Após quase dois anos sem o serviço, três Delegacias de Polícia do Vale do Taquari voltaram a oferecer as atividades do Mediar RS em julho de 2020. O programa institucional da Polícia Civil gaúcha trabalha com a mediação de conflitos nos delitos de menor potencial ofensivo. Se enquadram os casos como lesão corporal leve, ameaça, vias de farto, injuria, calúnia difamação e perturbação de tranquilidade.

Segundo o titular da Delegacia de Polícia de Pronto Atendimento (DPPA) de Lajeado, o delegado Alex Assmann, a adesão não é obrigatória e apenas alguns órgãos oferecem esse tipo de ação. “Sempre gostei desse assunto da mediação. Em 2016 trabalhamos com o mediar em Lajeado mas, devido a falta de pessoas, não foi possível dar continuidade. Este ano, como assumi a DPPA, voltei com esse projeto de retomar. A falta de pessoas continua, mas precisamos ter criatividade. Então convidei o delegado aposentado Mauro Mallmann para atuar como mediador e ele, voluntariamente, aceitou”, explica.

Na região, o trabalho é oferecido nas delegacias das comarcas de Lajeado, Teutônia e Roca Sales, abrangendo também as cidades de Imigrante, Westfália, Poço das Antas, Marques de Souza, Santa Clara do Sul e Forquetinha. A medição acontece a partir de casos registrados nos órgãos de segurança. As equipes envolvidas no Programa Mediar fazem contato com as partes, para ver se existe o interesse na participação.

No entanto, conforme Assmann, é necessário que exista alguma relação de continuidade entre os envolvidos, como vizinhos, parentes ou colegas de trabalho. “São aquelas pessoas que mantém contínuas relações e, por meio do diálogo, buscamos evitar novas ocorrências. Uma briga recorrente entre vizinhos acaba gerando cinco ou seis ocorrências e, quando trabalhamos com o mediar, conseguimos resolver o problema depois da primeira ocorrência”, pontua.

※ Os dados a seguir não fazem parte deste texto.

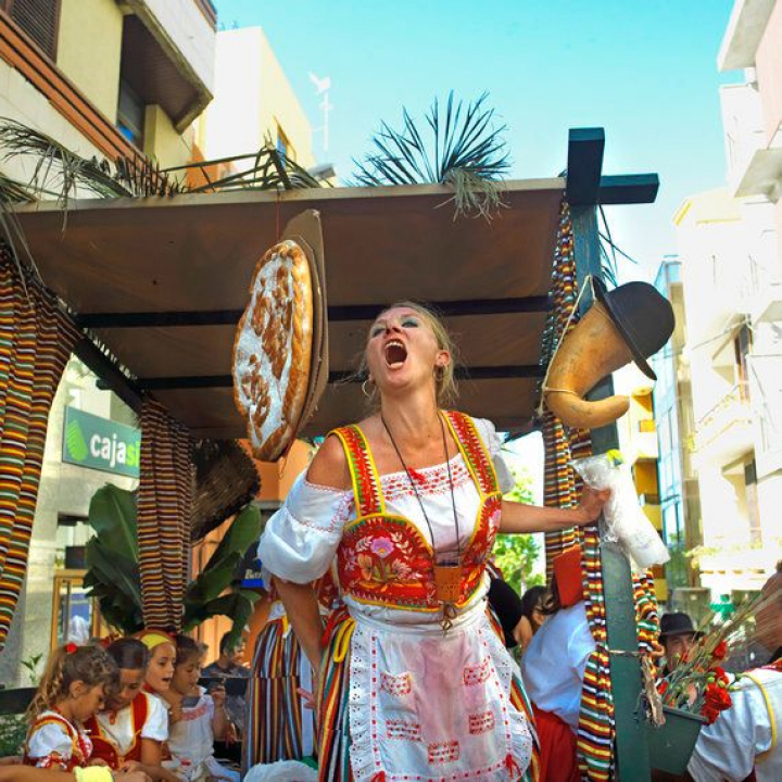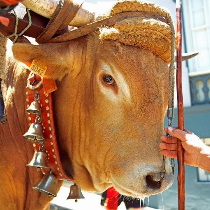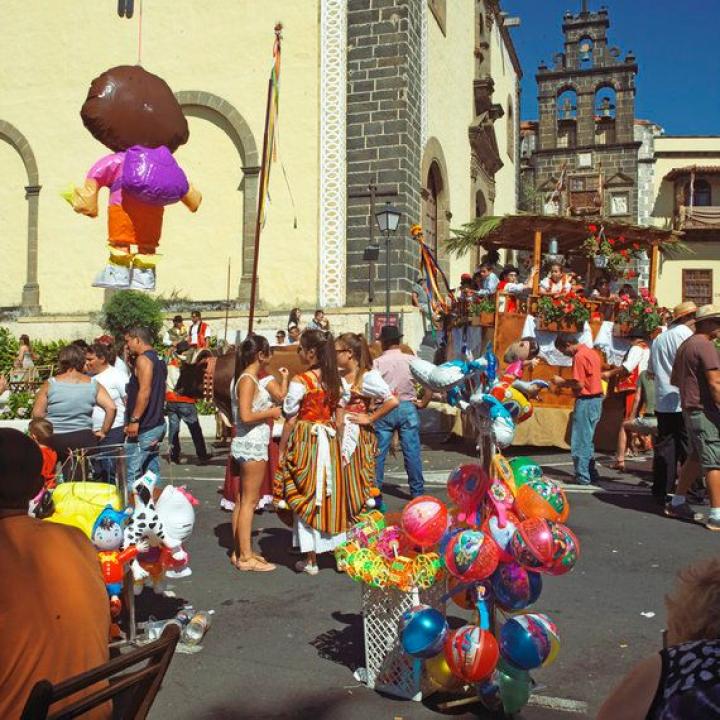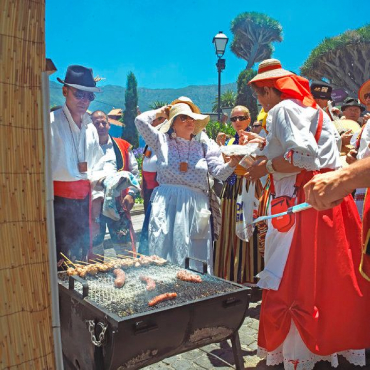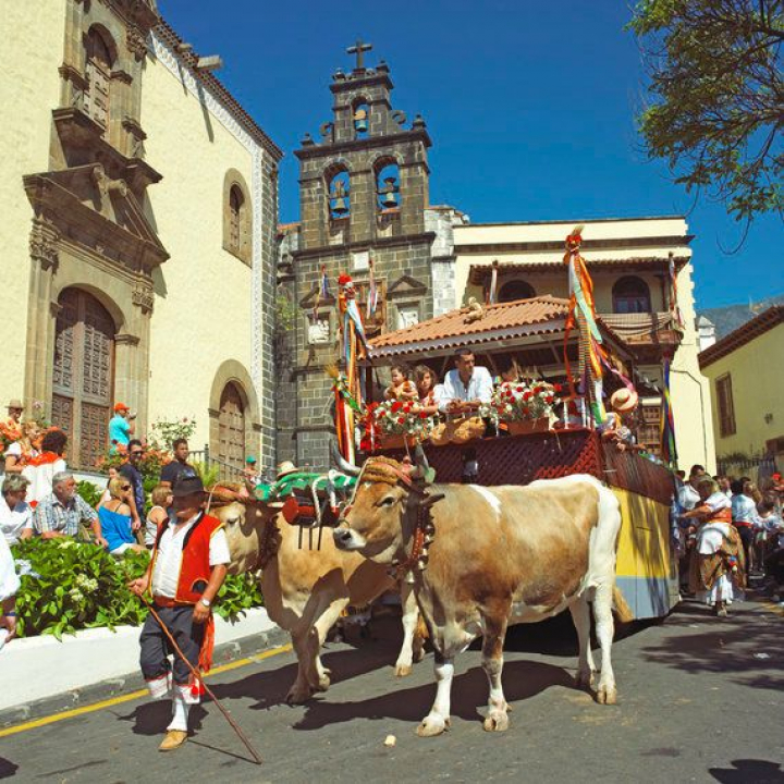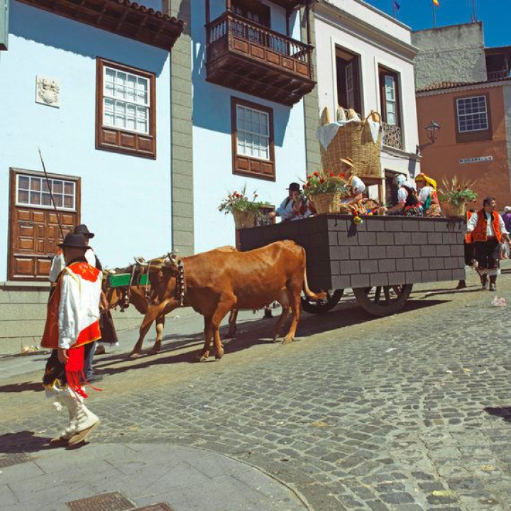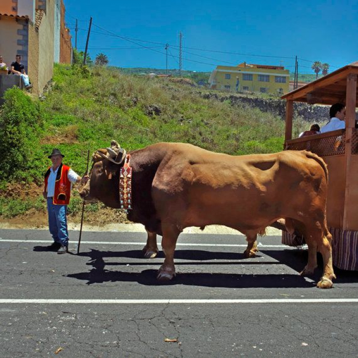 Uno de ellos es la marcha de más de mil bueyes canarios- algunos de más de 800 kilos de peso- arrastrando las tradicionales carretas de madera, cuyas ruedas parecen a punto de romperse por el peso en cualquier momento, llenas de gente de todas las edades, asando carne en la parte trasera y sirviendo vino a cuantos pasan a su lado.

O delegado explica ainda que este é um trabalho lento, pois é necessário o contato e o convite para as partes, que não são obrigadas a aceitar. Desde o retorno, em julho, já foram quatro mediações realizadas. Entre os casos, um problema entre vizinhos, que reclamavam do excesso de barulho. “Quando tu mora em apartamento, sabe que tem barulho. Se quiser um lugar que não tem barulho, precisa morar em um ponto mais isolado, no meio do campo. Lógico que isso não é tolerável depois das 22h. Então, se a gente consegue conversar com as partes, daqui a pouco elas se entendem. E o mediador está ali para fazer esse papel de facilitador”, lembra.

Além disso, as pessoas envolvidas também podem procurar a delegacia local e demonstrar o interesse em participar do programa. Segundo Assmann, na grande maioria dos casos as partes aceitam a mediação. Para ele, essa é uma forma alternativa de resolução, pois utiliza os princípios da justiça restaurativa, que tem a intenção de apaziguar, e não estimular o conflito.

“É um plus para os casos em que é feito o termo circunstanciado, pois facilita o trabalho do poder judiciário. Em algumas vezes, quando chegar no fórum, o problema já vai estar resolvido. Então nem será necessário marcar uma audiência. Por um lado da mais trabalho para nós, por outro facilita as coisas para o poder judiciário, que já está abarrotado de coisas”, conclui o delegado.